*WORK INSTRUCTIONS*. Nothing but the lines below from the one containing "- 모든 로또 구매는 개인의 판단과 책임하에 이루어져야 합니다." through the one containing "An early subsistence" should appear in the answer, exact and without pictures.

*DATASET CONTENT*.
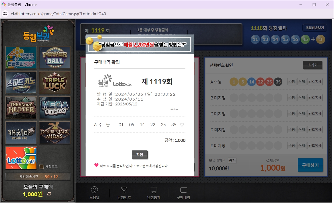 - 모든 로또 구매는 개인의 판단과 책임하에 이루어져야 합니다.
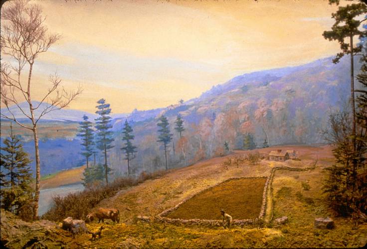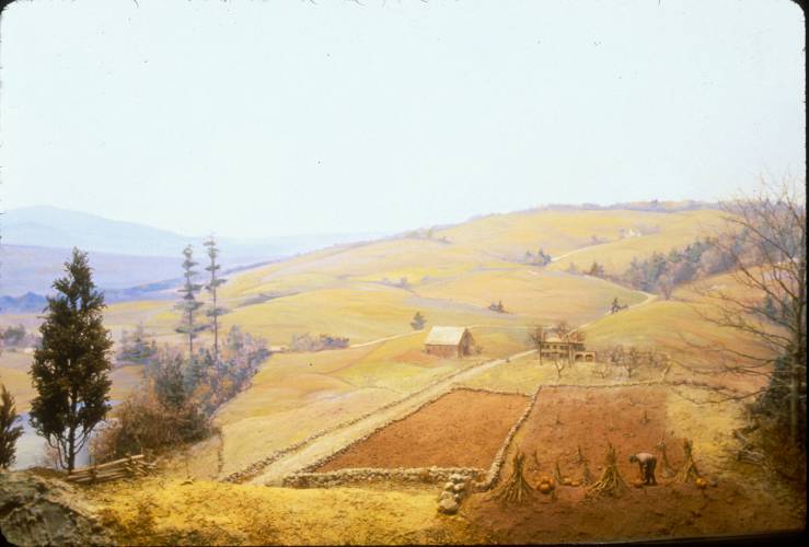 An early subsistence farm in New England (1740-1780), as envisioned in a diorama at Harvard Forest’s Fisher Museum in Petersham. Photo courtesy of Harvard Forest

---

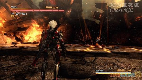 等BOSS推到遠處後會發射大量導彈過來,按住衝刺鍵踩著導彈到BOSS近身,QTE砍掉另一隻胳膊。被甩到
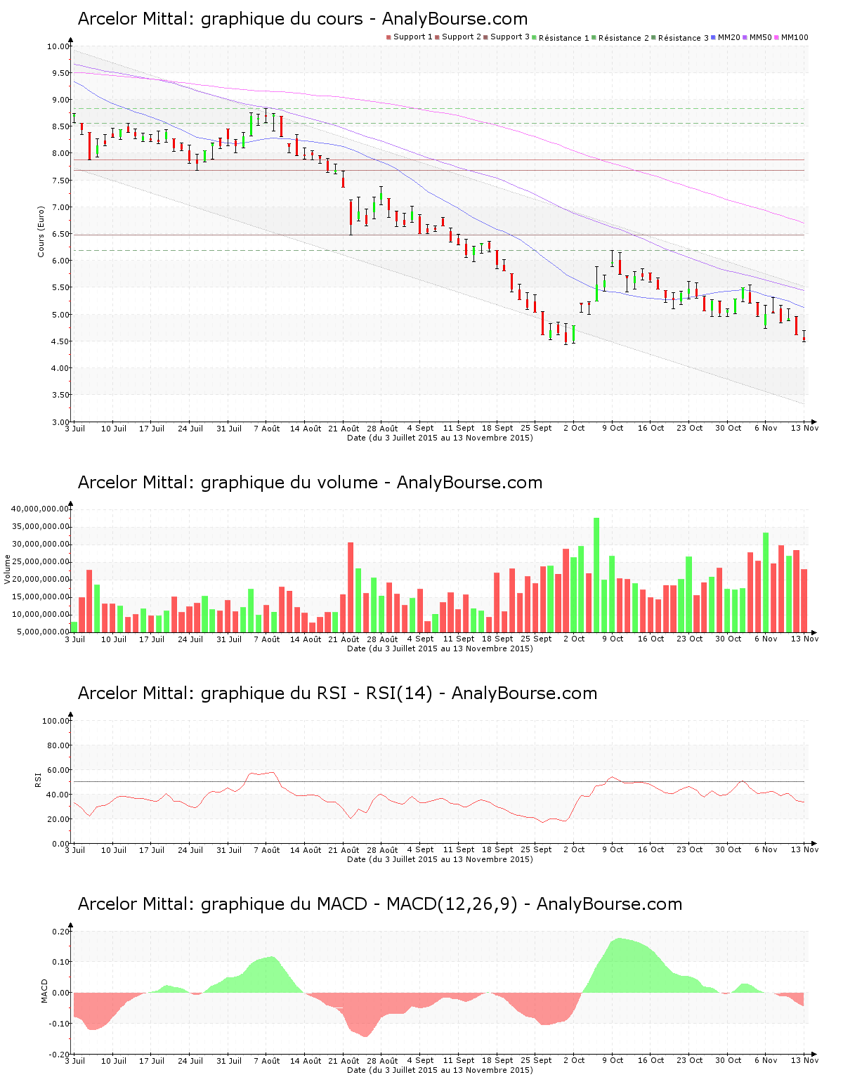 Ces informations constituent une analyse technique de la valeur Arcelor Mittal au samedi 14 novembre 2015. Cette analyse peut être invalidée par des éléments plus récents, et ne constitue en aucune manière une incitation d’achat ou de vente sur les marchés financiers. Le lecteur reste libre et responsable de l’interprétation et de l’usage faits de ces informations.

...

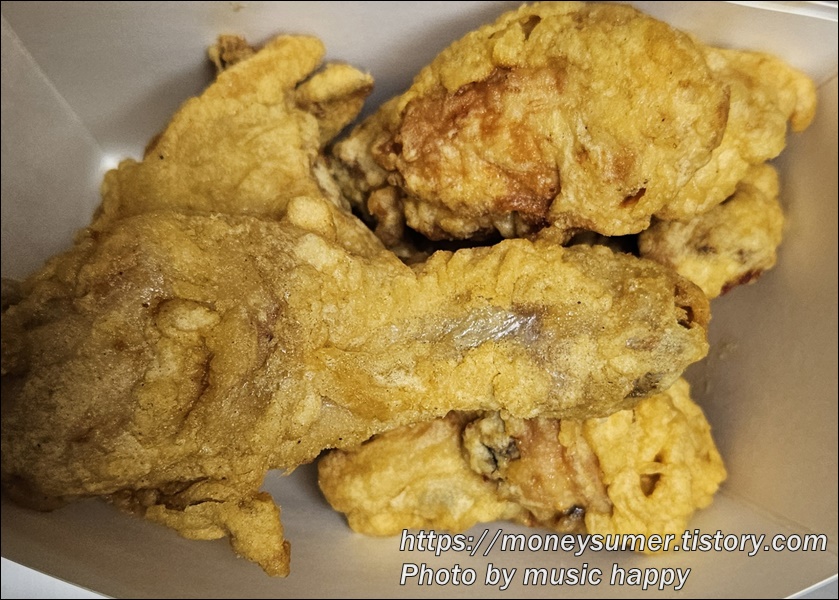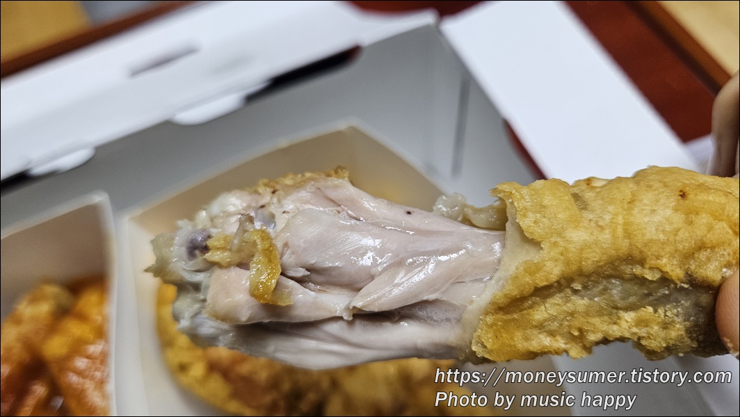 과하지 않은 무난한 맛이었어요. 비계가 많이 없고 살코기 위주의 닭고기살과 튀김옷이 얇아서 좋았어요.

*ANSWER*.
 - 모든 로또 구매는 개인의 판단과 책임하에 이루어져야 합니다.
 An early subsistence farm in New England (1740-1780), as envisioned in a diorama at Harvard Forest’s Fisher Museum in Petersham. Photo courtesy of Harvard Forest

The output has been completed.